Collection entries
#####
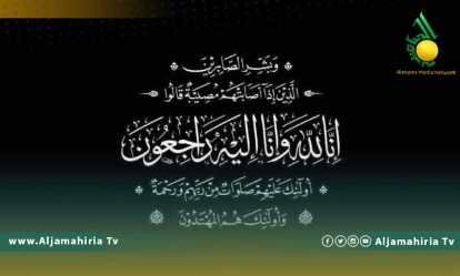 تتقدم قناة الجماهيرية العظمى بخالص التعازي في وفاة المغفور لها بإذن الله أخت اللواء الوفي المُهجر عمر عبدالله الراقوبي في وفاةشقيقته فاطمة، سائلين المولى عز وجل لها الرحمة والمغفرة ولأسرتها الصابرة السلوان.
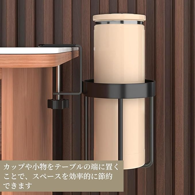 【クランプ取付】 このドリンクホルダーはテーブルに穴を開ける必要がなく、木製、ガラス、プラスチックのテーブルを含むさまざまな材質のテーブルに適しているクリップ式の取り付け方式を採用しています。取り付け過程は簡単で迅速で、飲み物ホルダーをテーブルの縁に挟んで、ねじを締めるだけで固定できます。デスクトップの完全性を保護するだけでなく、場所を移動したり変更したりするのにも便利な設計です。
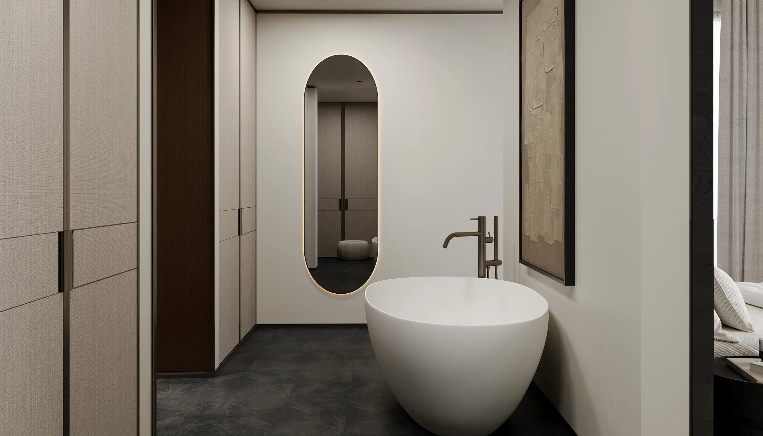 MAREA Residences offers 1–3 bedroom residences and penthouses, with bespoke layouts, sunlit interiors, spa-inspired bathrooms, open-plan kitchens and private terraces overlooking the Arabian Gulf.
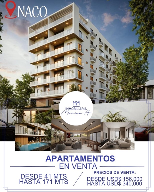 Hermosos Apartamentos en Torre Nueva y Moderna. En el Corazón de la ciudad de Santo Domingo, Naco??. Desde 41 mts² Hasta 171mts² * Excelente Ubicación * ?Majestuoso Lobby * ?Sala * ?Comedor * ?Cocina * ?Balcón * ?Área de Lavado * ??Habitaciones con su baño. * ?Principal con Walking Clóset * ?Baño de visitas * ?Ascensores * ?Parqueos * ?Area Social * ?Gym * ?Piscina Precios de Venta: Desde USD$156,000 Hasta USD$340,000 Invierte y Disfruta de la comodidad de tener tu propio hogar.?? Entrega Septiembre 2026. Más información 809-903-8000 Inmobiliaria Marino A.
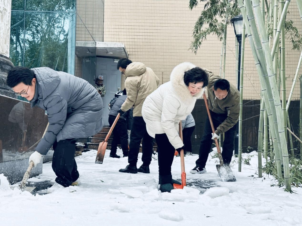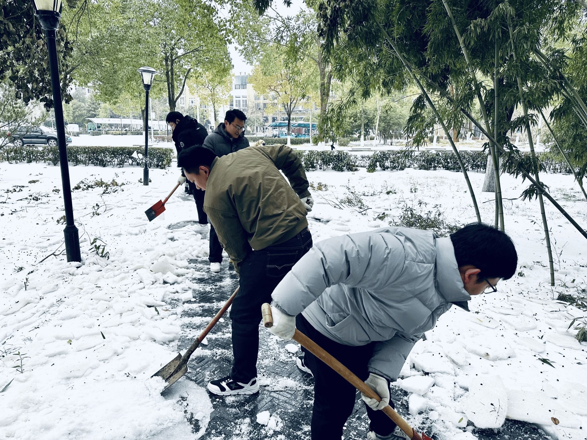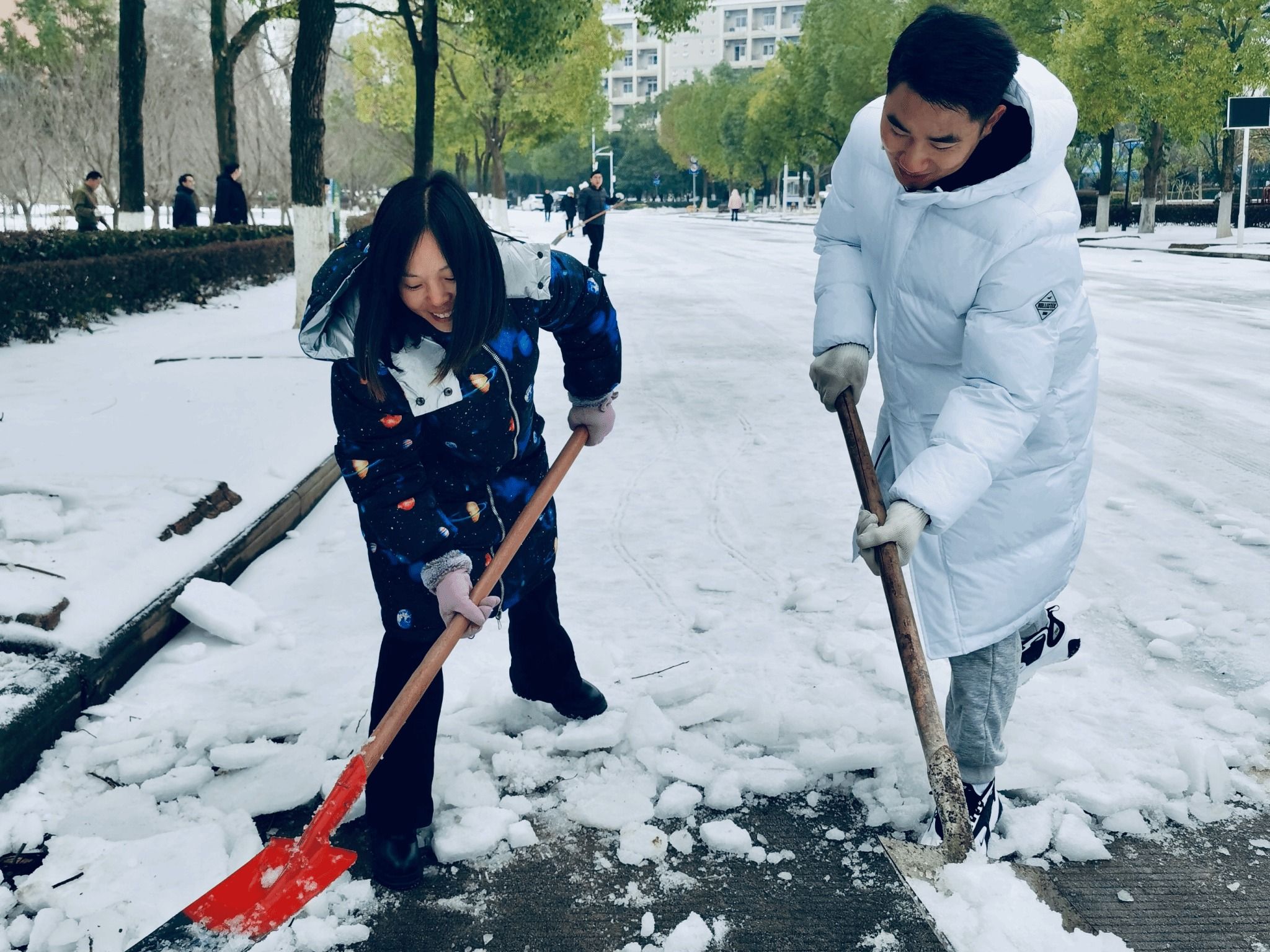 院新闻网讯(通讯员曾宪森)在学生返校开学前期,17short 教职工在黄家湖校区教三楼周边开展除冰铲雪行动,助力学子安全出行。
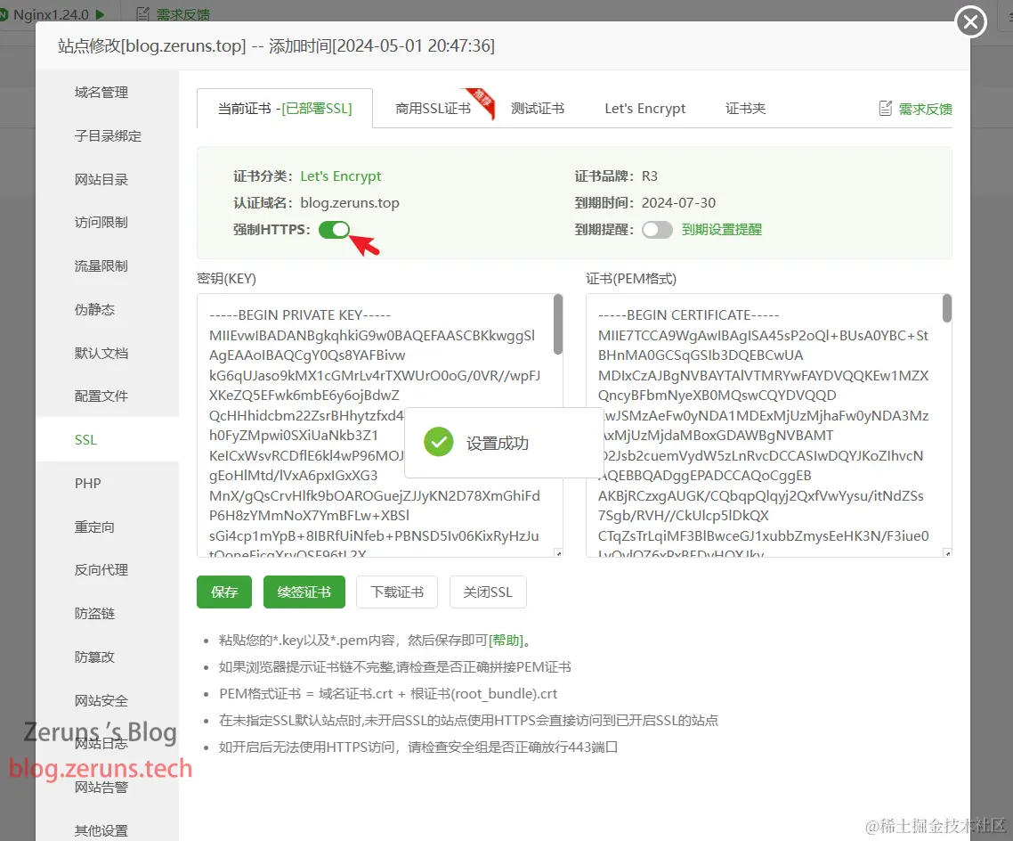 再次访问博客网站,可以看到地址栏上显示了一个小绿锁。
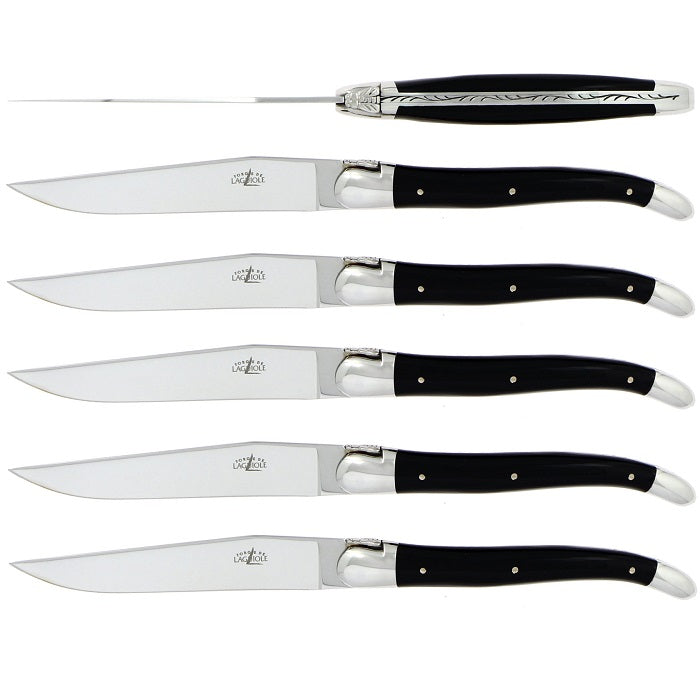 Forge de Laguiole BLACK ACRYLIC Handle Steak Knives, high polished finish - set of 6
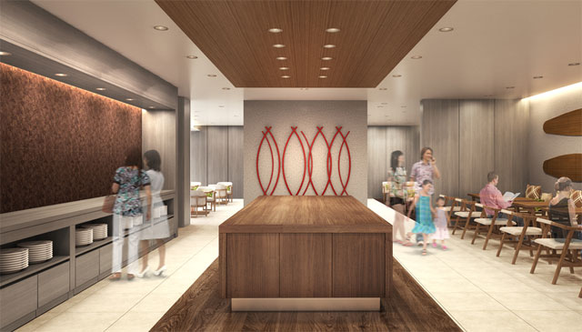 JALがホノルルにオープンするサクララウンジ・ハレのダイニングエリアのイメージイラスト(JALのサイトから)
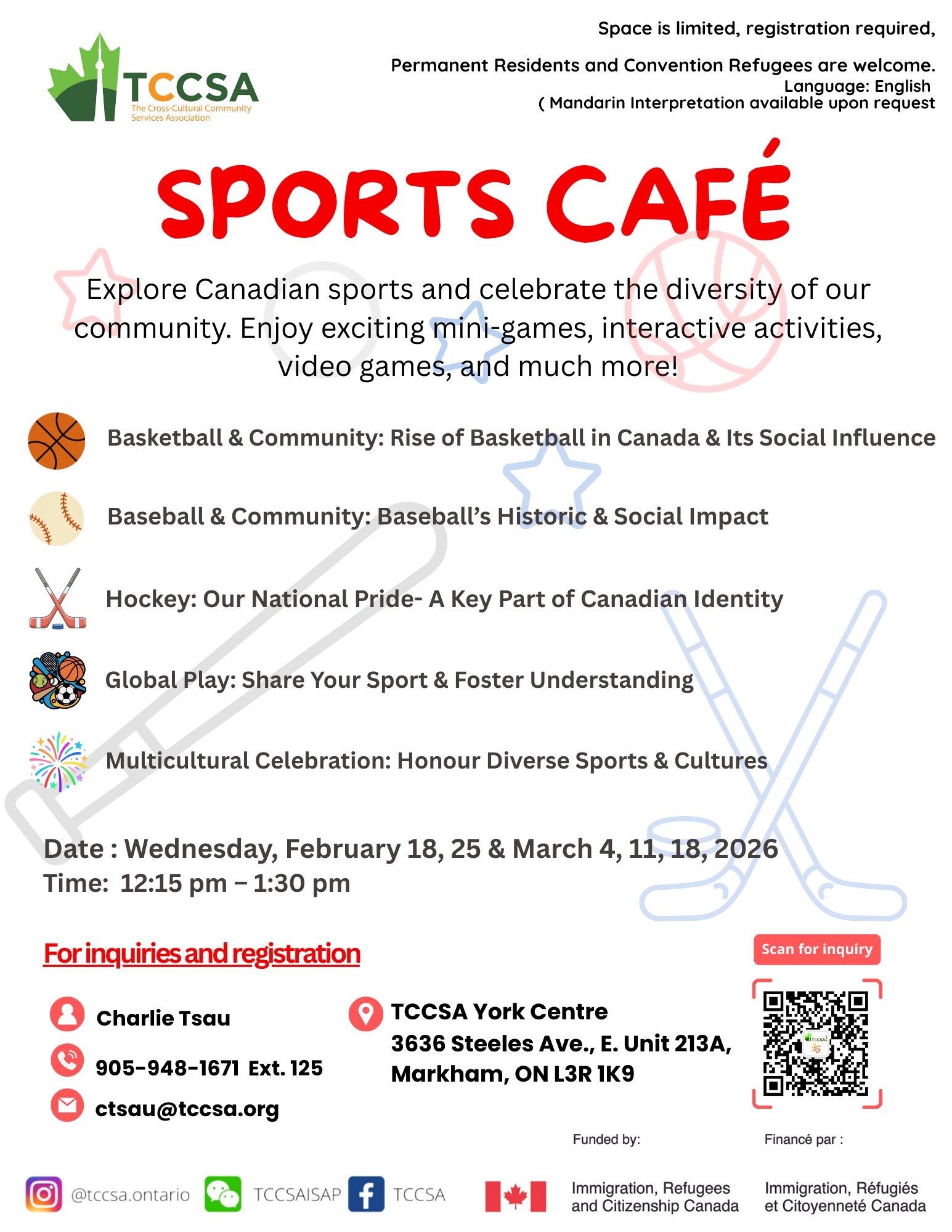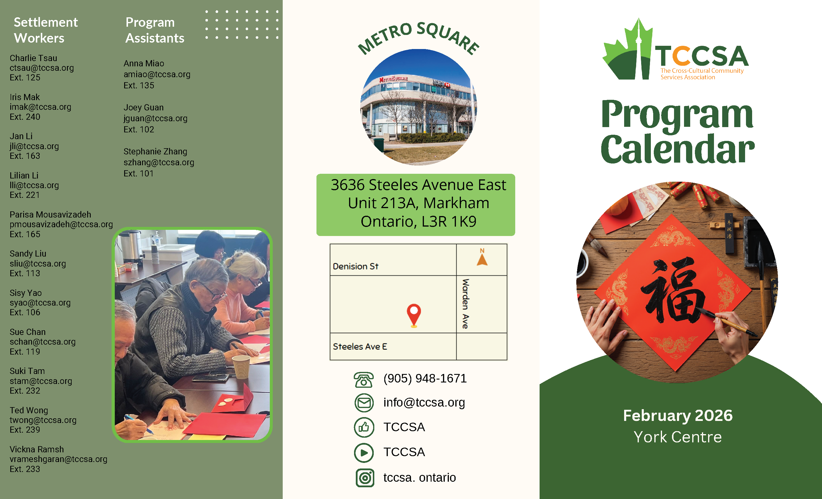 TCCSA York Centre Metro Square, 3636 Steeles Avenue East, Unit 213A, MarkhamWellness Bites – January 6 to March 31, 2026
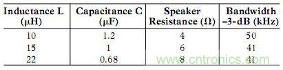 常見的濾波器設(shè)計(jì)選擇目的是為了在所需要的最高音頻頻率條件下將濾波器響應(yīng)下降減至最小以獲得最低帶寬。如果對于高達(dá)20 kHz頻率,要求下降小于1 dB,則要求典型的濾波器具有40 kHz巴特沃斯(Butterworth)響應(yīng)(以達(dá)到最大平坦通帶)。對于常見的揚(yáng)聲器阻抗以及標(biāo)準(zhǔn)的L值和C值,下表給出了標(biāo)稱元器件值及其相應(yīng)的近似Butterworth響應(yīng):
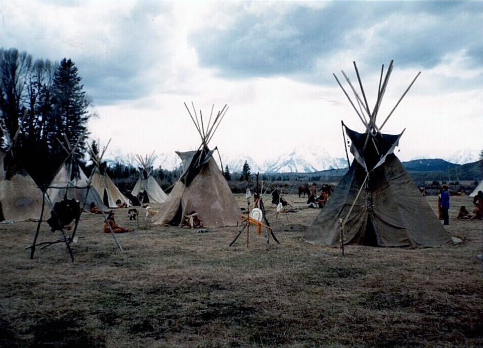 Crow women in front of lodge/tipi: Irene Bird Hat DeCrane, Mary DeCrane White, Tillie Bird Hat, and Florence Bird Hat (courtesy of Heywood & Mary Lou Big Day)
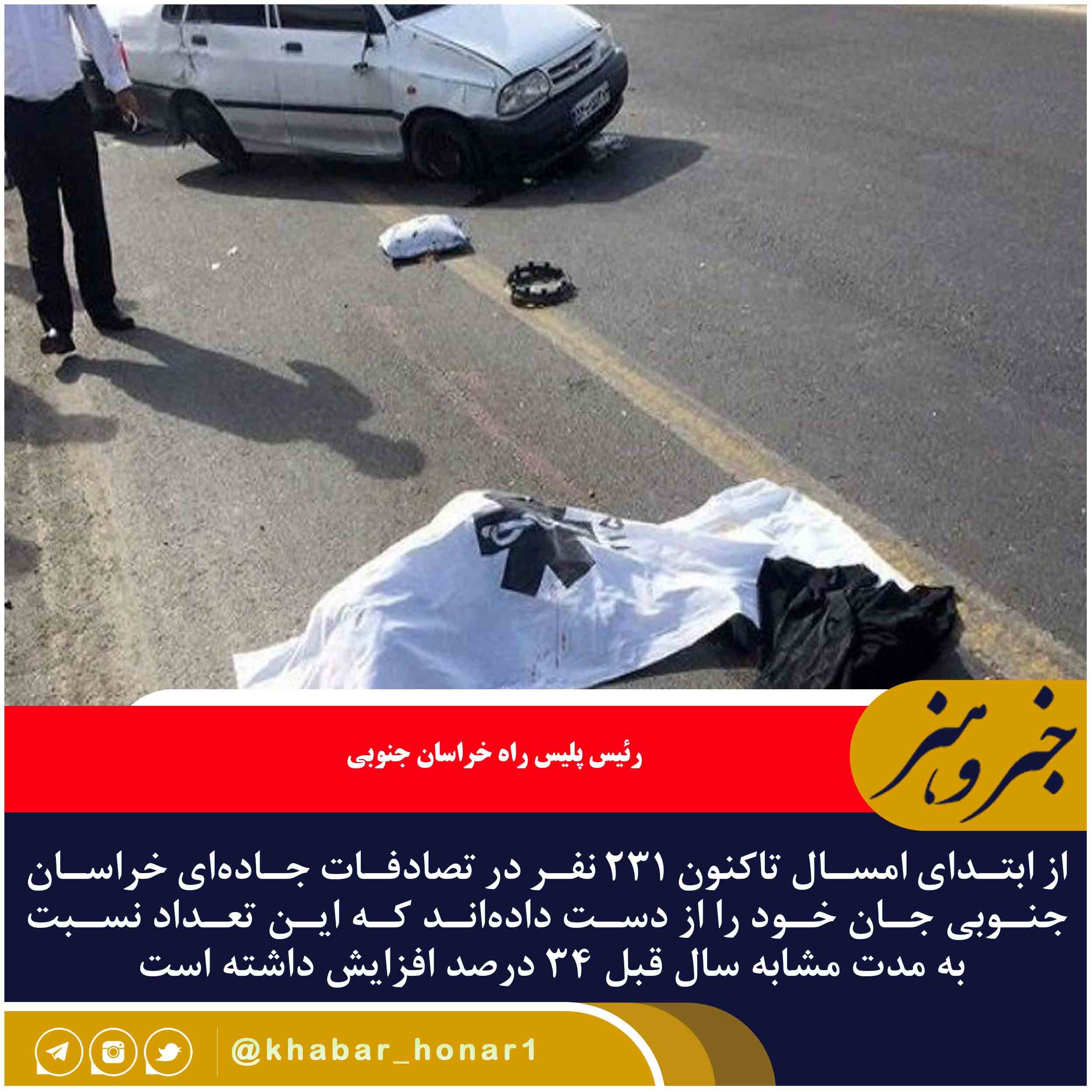 رئیس پلیس راه خراسان جنوبی گفت: از ابتدای امسال تاکنون ۲۳۱ نفر در تصادفات جادهای خراسان جنوبی جان خود را از دست دادهاند که این تعداد نسبت به مدت مشابه سال قبل ۳۴ درصد افزایش داشته است.
#####
**PROBLEM REQUIREMENTS:**
Nothing is needed beyond an exact transcription of the lines from the one containing "再次访问博客网站,可以看到地址栏上显示了一个小绿锁。" to the end of the entries above, with the pictures omitted.

**ANSWER BOX:**
 再次访问博客网站,可以看到地址栏上显示了一个小绿锁。
 Forge de Laguiole BLACK ACRYLIC Handle Steak Knives, high polished finish - set of 6
 JALがホノルルにオープンするサクララウンジ・ハレのダイニングエリアのイメージイラスト(JALのサイトから)
 TCCSA York Centre Metro Square, 3636 Steeles Avenue East, Unit 213A, MarkhamWellness Bites – January 6 to March 31, 2026
 常見的濾波器設(shè)計(jì)選擇目的是為了在所需要的最高音頻頻率條件下將濾波器響應(yīng)下降減至最小以獲得最低帶寬。如果對于高達(dá)20 kHz頻率,要求下降小于1 dB,則要求典型的濾波器具有40 kHz巴特沃斯(Butterworth)響應(yīng)(以達(dá)到最大平坦通帶)。對于常見的揚(yáng)聲器阻抗以及標(biāo)準(zhǔn)的L值和C值,下表給出了標(biāo)稱元器件值及其相應(yīng)的近似Butterworth響應(yīng):
 Crow women in front of lodge/tipi: Irene Bird Hat DeCrane, Mary DeCrane White, Tillie Bird Hat, and Florence Bird Hat (courtesy of Heywood & Mary Lou Big Day)
 رئیس پلیس راه خراسان جنوبی گفت: از ابتدای امسال تاکنون ۲۳۱ نفر در تصادفات جادهای خراسان جنوبی جان خود را از دست دادهاند که این تعداد نسبت به مدت مشابه سال قبل ۳۴ درصد افزایش داشته است.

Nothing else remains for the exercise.